IBM’s new Watson large-scale speech model brings generative AI to mobile phones
Generative AI has entered our everyday lexicon with its incredible text and image generation capabilities and the promise of revolutionizing how companies handle core business functions, so most people have probably heard of Large-Scale Language Models (LLMs). . Now more than ever I think about that talking Connecting to AI through a chat interface or having it perform a specific task is a practical reality. Tremendous progress is being made in adopting this technology to positively impact our everyday experiences as individuals and consumers.
But what about in the world of voices? With so much attention focused on LLM as a catalyst for improved generative AI chat capabilities, not many people are talking about how it can be applied to voice-based conversation experiences. Modern contact centers are now dominated by strictly conversational experiences (yes, interactive voice response (IVR) is still the standard). Enter the world of Large-Scale Speech Models (LSMs). Yes, LLM has a cousin that offers more of the benefits and possibilities one would expect from generative AI, but this time customers can interact with an assistant over the phone.
Over the past few months, the IBM watsonx development team and IBM Research have been hard at work developing a new, state-of-the-art Large Speech Model (LSM). Based on transducer technology, LSM uses massive amounts of training data and model parameters to provide accuracy in speech recognition. Built specifically for customer care use cases such as self-service phone assistant and real-time call transcription, LSM provides advanced, out-of-the-box transcription capabilities to deliver a seamless customer experience.
We’re excited to announce new LSM deployments in English and Japanese, now available exclusively in closed beta to Watson Speech to Text and watsonx Assistant phone customers.
We could go on and on about how great these models are, but really the bottom line is this: Performance. Internal benchmarking shows that the new LSM is the most accurate speech model to date, outperforming OpenAI’s Whisper model in short-form English use cases. We compared the baseline performance of the English LSM against OpenAI’s Whisper model on five real-world customer use cases with phone calls and found that the IBM LSM had a 42% lower word error rate (WER). Whisper model (see footnote (1) for evaluation methodology)
IBM’s LSM is 5x smaller (5x fewer parameters) than the Whisper model. This means it processes audio 10x faster when running on the same hardware. With streaming, the LSM will finish processing the audio once it has finished. Whisper, on the other hand, processes audio in block mode (e.g. 30-second intervals). Let me give you an example. When processing audio files shorter than 30 seconds (e.g. 12 seconds), Whisper will fill in with silence but still take 30 seconds to process. IBM LSM processes after 12 seconds of audio is complete.

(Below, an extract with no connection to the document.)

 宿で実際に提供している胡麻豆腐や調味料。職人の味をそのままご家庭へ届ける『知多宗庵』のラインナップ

These tests indicate that LSM is very accurate in its short form. But there’s more. LSM also demonstrated comparable accuracy to Whisper in long-form use cases (such as call analysis and call summaries), as shown in the chart below.

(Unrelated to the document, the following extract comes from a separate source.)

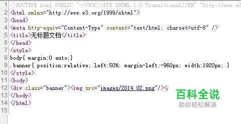 对于class的banner我们要经过如下定义{ position:relative; left:50%; margin-left:-960px; width:1920px; }margin-left的值就是图片大小的一半,left要定义个50%。如下定义:
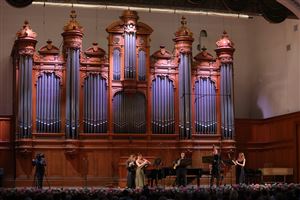 16 июня в Большом зале состоялся праздничный концерт 154-го выпуска Московской консерватории. В обширной камерной программе выступили лучшие студенты исполнительских факультетов, окончившие консерваторию в 2023 году.

How can I get started with this model?
Apply for our Private Beta User Program and our product management team will contact you to schedule a call. IBM LSM is in private beta, so some features are still in development.2.
Register now to explore LSM.
One Benchmarking Methodology:
- Whisper model for comparison: Medium.en
- Assessment language: US-English
- Metrics used for comparison: Word error rate, commonly known as WER, is defined as the number of editing errors (substitutions, deletions, and insertions) divided by the number of words in the reference/human transcript.

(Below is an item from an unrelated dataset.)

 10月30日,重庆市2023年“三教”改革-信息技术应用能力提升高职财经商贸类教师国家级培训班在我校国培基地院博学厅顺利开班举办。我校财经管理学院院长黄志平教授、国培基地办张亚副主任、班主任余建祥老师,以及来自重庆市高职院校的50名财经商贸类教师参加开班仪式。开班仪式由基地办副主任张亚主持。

- Before scoring, all machine recordings were normalized using a whisper normalizer to remove format differences that may cause WER inconsistencies.
2 IBM’s statements regarding plans, direction and intent are subject to change or withdrawal without notice, at IBM’s sole discretion. Any information mentioned regarding potential future products is not a promise, commitment or legal obligation to provide any materials, code or functionality. The development, release and timing of future features is at IBM’s discretion.